Tuesday, February 20, 2007

From the New Scientist

From New York Times to Mark Thoma's site, more and more articles are appearing which many may consider leftist. Hopefully, as Daniel Bell said, the age of big ideologies is over and many are discussing issue by issue for the general good. In this direction are the current editorials in New Scientist (20th February, 2007). Recently there has been condemnation of Indonesia, including in some of the science blogs, for withholding birdflu samples. The editorial (unfortunately needs subscription) supports Indonesia's stand:

"In a fair world, Indonesia would send its virus to the best labs and share in any vaccine made from it. In our world, Indonesia sends off its virus, companies make vaccine from it and sell it to countries that can pay. Indonesia is not one of them, and neither are the other countries suffering badly from H5N1.
Indonesia is treating this as a case of biopiracy. Like other tropical countries, it is a hotspot of biodiversity. For decades foreign companies have helped themselves to its plants, microbes or whatever, and made lucrative products from them. In response, it has passed laws to stop exports of genetic material without agreement. It is invoking such a law to control samples of H5N1 and asking developed countries to respect the sort of intellectual property rules that they themselves have imposed for decades."
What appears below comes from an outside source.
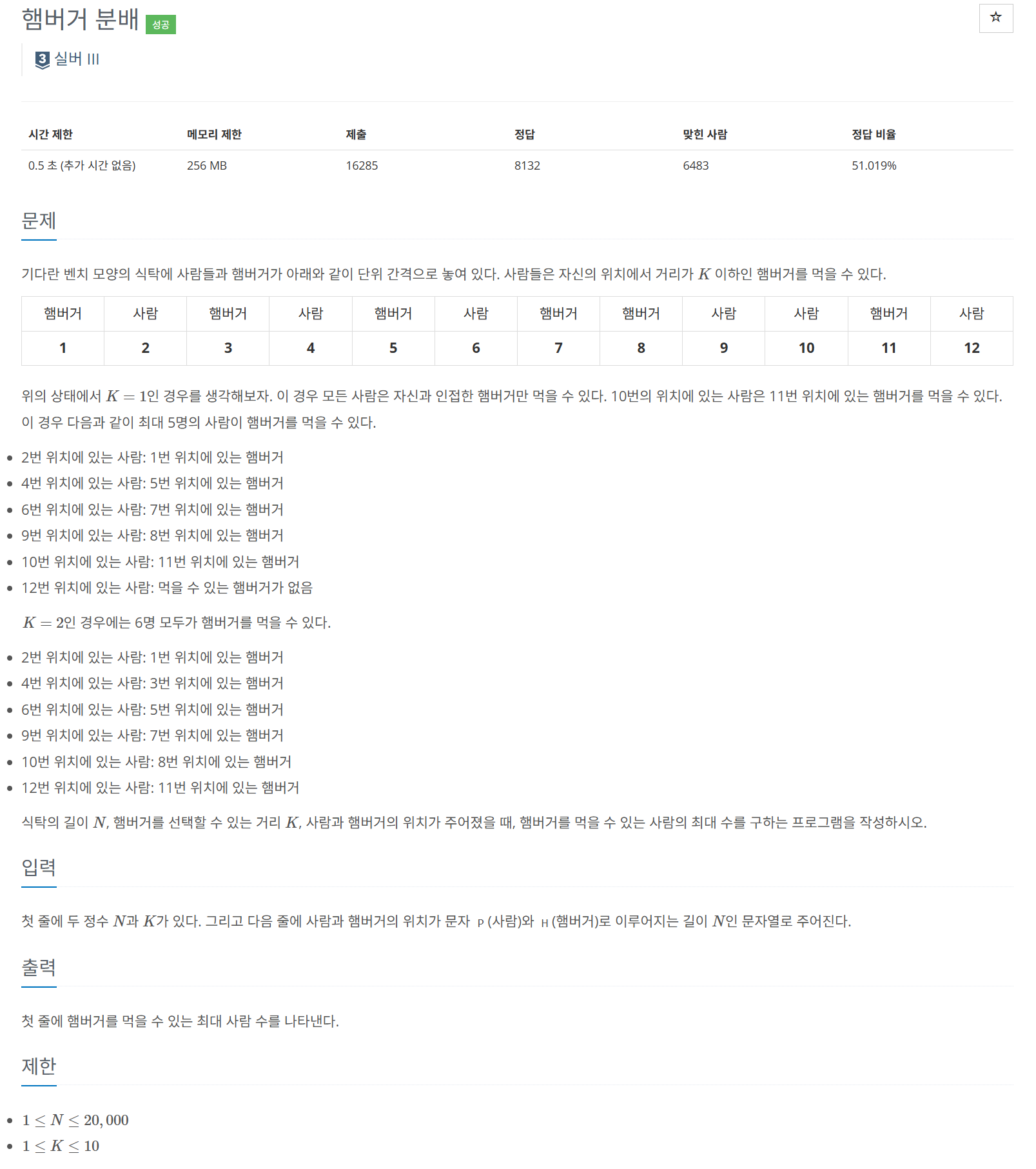 따라서 앞의 사람이 현재 위치-k ~ 현재 위치 + k 까지 탐색해서 앞쪽에 있는 아직 안먹은 햄버거가 있다면 먹는다.

The rest of the editorial needs subscription. I hope that New Scientist can take a leaf out of its own book and make such editorials and articles accessible to all.
The second editorial is about the travails of a young scientist:
"This week a paper is published by a young researcher named Shahriar Afshar describing an experiment that he believes explodes an 80-year-old orthodoxy in quantum theory (see "Quantum rebel wins over doubters"). It has been a long road. Afshar failed to post his paper on the Arxiv database apparently because of a mix-up over his affiliation. Journals rejected it out of hand. New Scientist covered his work after quantum physicists advised us that, right or wrong, it raised important issues. Regrettably, Afshar was then chastised for talking to the press.

Aspiring scientists should expect to run the gauntlet of their peers, but they should not have to put up with the abuse to which Afshar was subjected, including attacks on his honesty and his religion. Why the extreme reaction? Perhaps people thought an experiment as simple as his must be wrong. Perhaps those who interpret quantum theory are unused to seeing their pronouncements put to the test. Whatever the reason, there can be no excuse for this kind of treatment."

Young scientists are increasingly being forced to go along with the prevailing orthodoxies and increase the research output of their seniors rather than persuing interesting and risky topics. In many universities tenures, increments, and promotions are measured by the number of papers rather than quality. And young researchers are pressurized to spend their most of their best productive years in such activities to increase the output of their seniors. The concept of universities where one is exposed to exciting ideas, connections between desciplines, connections to improving real life etc seem to be becoming more and more of a rarity as administrators, administrative type professors are increasing in numbers and taking over the universities.